3.3. The influence of k-mer fragments and their embedding sizes on the viral identification results

Every nucleotide sequence was converted into a set of k-mer fragments before being expressed as high-level vectors by the graph neural network to enrich the representation of the sequence. The chosen k-value and the embedding size have a significant impact on the identification performance. To find a relatively optimal set of the two parameters, a lot of models have been trained by the established training dataset and evaluated by the testing dataset. Each model corresponds to a specific set of parameters, where k is chosen from [1, 2, 3, 4, 5, 6, 7, 8, 9, and 10] and embedding size is chosen from [4, 8, 30, 50, 100, 200, 500, 1,000], respectively. The evaluation results are shown in Figure 3. When the embedding size is a little lower than 4 k (all combinations of the k-mer fragments), the AUROC value is close to the maximum. Thus, 3-mer fragments with an embedding size of 30 were chosen for our final model. The final representations of all 3-mer fragments can be found at https://github.com/crazyinter/DETIRE/blob/main/supplementary%20files/embedding_matrix.csv.

FIGURE 3

Figure 3. The performance of the models with various k-values and embedding sizes on the testing dataset. Sequences with specific k-mer fragments and embedding sizes were used to train several models, which were, then, evaluated by the testing dataset. The AUROC values of these models were calculated. The k is chosen from [1, 2, 3, 4, 5, 6, 7, 8, 9, and 10] and the embedding size is chosen from [4, 8, 30, 50, 100, 200, 500, and 1,000].

3.4. Performance on the testing dataset

To prove the outstanding performance of DETIRE on identifying short viral sequences (<500 bp), a testing experiment on the testing dataset was performed to make a comparison between DETIRE and three latest viral identification methods, DeepVirFinder, PPR-Meta, and CHEER. The accuracies, recalls, precisions, and F1 scores of the four methods are calculated in Table 1. DETIRE outperforms the three methods at all of the four criteria.

TABLE 1

Table 1. Comparison of accuracies, recalls, precisions, and F1 scores of DeepVirFinder, PPR-Meta, CHEER, and DETIRE on the testing dataset.

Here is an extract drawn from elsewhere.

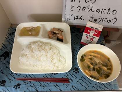 今日の給食は、「さけのしょうゆ風味焼き」「みそ汁」「とうがんの煮もの」「ごはん」「牛乳」でした。

3.5. Performance on the CAMI Marine metagenome

To deal with different lengths of sequences from the metagenome and avoid vanishing gradient problem in the process of training BiLSTM, a sequence longer than 500 bp will be divided into several non-overlapped sub-sequences of 500 bp before input into the BiLSTM path. If the length of the last part in the sequence is shorter than 500 bp, the last bases of the sequence will be zero-padded and regarded as a single subsequence. Then, all of the sub-sequences are input to the hybrid deep learning model one after another, to get their own scores, the average of which will be the final score and is contributed to identifying whether the query long sequence is viral or not.

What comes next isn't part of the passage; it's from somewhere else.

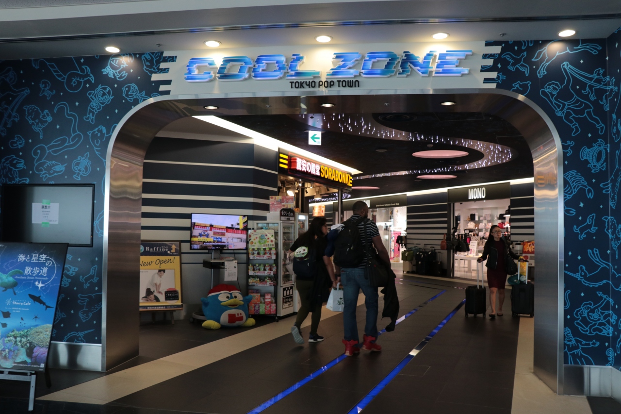 展望デッキに向かって左側がCOOL ZONE、右側がHOT ZONEと分かれており、左側には模型のカーレースが楽しめるお店や、キティちゃんなどのキャラクターグッズが並ぶお店が多く、フライトまでの空き時間でも子供は飽きることはなさそうです。

The accuracies, recalls, precisions, and F1 scores of DETIRE, CHEER, PPR-Meta, and DeepVirFinder on classifying viral and non-viral sequences from the CAMI Marine metagenome are calculated and made a comparison in Table 2. DETIRE exceeds DeepVirFinder and PPR-Meta at all of the four criteria for identifying all lengths of viral sequences. DETIRE is better than CHEER when the length is shorter than 3,000 bp. For identifying long sequences (>3,000 bp), the accuracy, recall, and F1 score of DETIRE are slightly lower than CHEER because DETIRE identified a little less viral sequences. For all lengths, DETIRE achieves the best performance than the other three methods.

TABLE 2

Table 2. Comparison of accuracies, recalls, precisions, and F1 scores of DeepVirFinder, PPR-Meta, CHEER, and DETIRE on the CAMI Marine metagenome.

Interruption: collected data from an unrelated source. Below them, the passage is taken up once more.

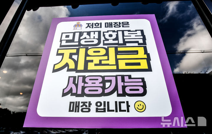 [제주=뉴시스] 우장호 기자 = 민생회복 소비쿠폰 2차 지급 신청 첫날인 22일 오전 제주시 오라동 인근 식당 앞에 민생 회복 지원금 사용가능 안내문이 붙어 있다.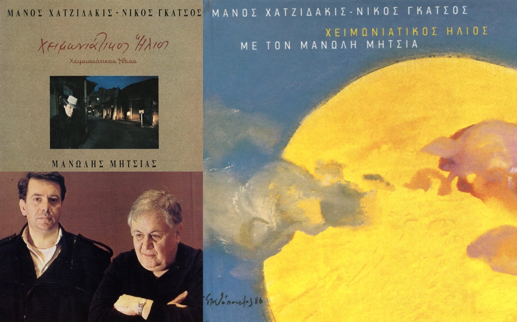 Τον Δεκέμβριο του 1986, παραμονές των Γιορτών, ένας κατακίτρινος χειμωνιάτικος ήλιος πάνω σε έναν γαλάζιο ουρανό, ζωγραφισμένος με τα πινέλα και τα χρώματα του Γιώργου Σταθόπουλου, εμφανίστηκε στις προθήκες των δισκοπωλείων, εκείνη την όχι και τόσο μακρινή εποχή που ακούγαμε μουσική από τους δίσκους βινυλίου. Ο «Χειμωνιάτικος ήλιος» του Μάνου Χατζιδάκι και του Νίκου Γκάτσου με τον Μανώλη Μητσιά μας ξαφνιάζει γιατί δεν είναι η πρώτη φορά που κυκλοφορεί. Μερικούς μήνες νωρίτερα, τον Απρίλιο του 1986, τον έχουμε δει με άλλο εξώφυλλο αλλά με τα ίδια τραγούδια.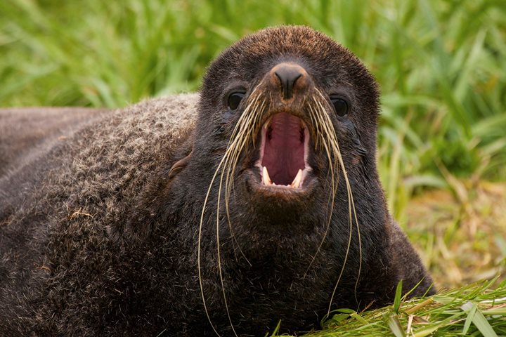 This morning, guests of National Geographic Endurance awoke in the middle of the South Atlantic. This is a unique crossing. As the ship transits from Puerto Madryn to the sub-Antarctic island of South Georgia, those aboard are privy to special sightings and experiences. Many seabirds rely on the building waves and wind that we observed as we near the Southern Ocean. A great force, the Southern Ocean circles Antarctica with unbroken strength. This energy creates a strong barrier, isolating Antarctica biologically and ecologically. Albatrosses, petrels, and prions use the wind to soar just above the waves, using their strong senses to identify prey in the water. These birds–Procellariiformes–have an incredible sense of smell, an adaptation that naturalist Conor Ryan shared with guests today during a morning lecture entitled, “The Smell of the Sea.” What we consider the smell of the sea is actually dimethylsulfide (DMS), which is released by organisms like phytoplanktonic diatoms. Diatoms become food for many primary consumers, including copepods and Antarctic krill. These primary consumers are, in turn, excellent prey for seabirds searching for their next meal. As they swoop from wave to wave, the birds actively hunt. On this crossing, we have been lucky enough to view the largest seabird of them all, the wandering albatross. This bird can have a wingspan of two meters, over six feet. Wandering albatrosses are monogamous and mate for life. With long lives, sometimes these animals produce offspring into their 60s. Royal albatrosses are their slightly smaller counterpart, and they tend to be rarer in this part of the world. With more black coloring on their wings and a less pink bill, they are a species that may be easily confused with the wanderer.

3.6. Performance on the real human gut metagenome

The accuracies, recalls, precisions, and F1 scores of DETIRE, CHEER, PPR-Meta, and DeepVirFinder are calculated according to the number of correctly and incorrectly identified viral and host sequences from the real human gut metagenome dataset (Table 3). DETIRE also achieves the best overall performance than the other three methods of identifying viral sequences (all lengths). In spite of a 0.0087 and 0.0019 lower precision than CHEER for 500–1,000 bp and 1,000–3000 bp, DETIRE gets higher accuracy, recall, and F1 score for these lengths. For sequences longer than 3,000 bp, CHEER is the outperforming method. However, a comparable performance of DETIRE is achieved as CHEER for long sequences.

TABLE 3

Table 3. Comparison of accuracies, recalls, precisions, and F1 scores of DeepVirFinder, PPR-Meta, CHEER, and DETIRE on the real human gut metagenome.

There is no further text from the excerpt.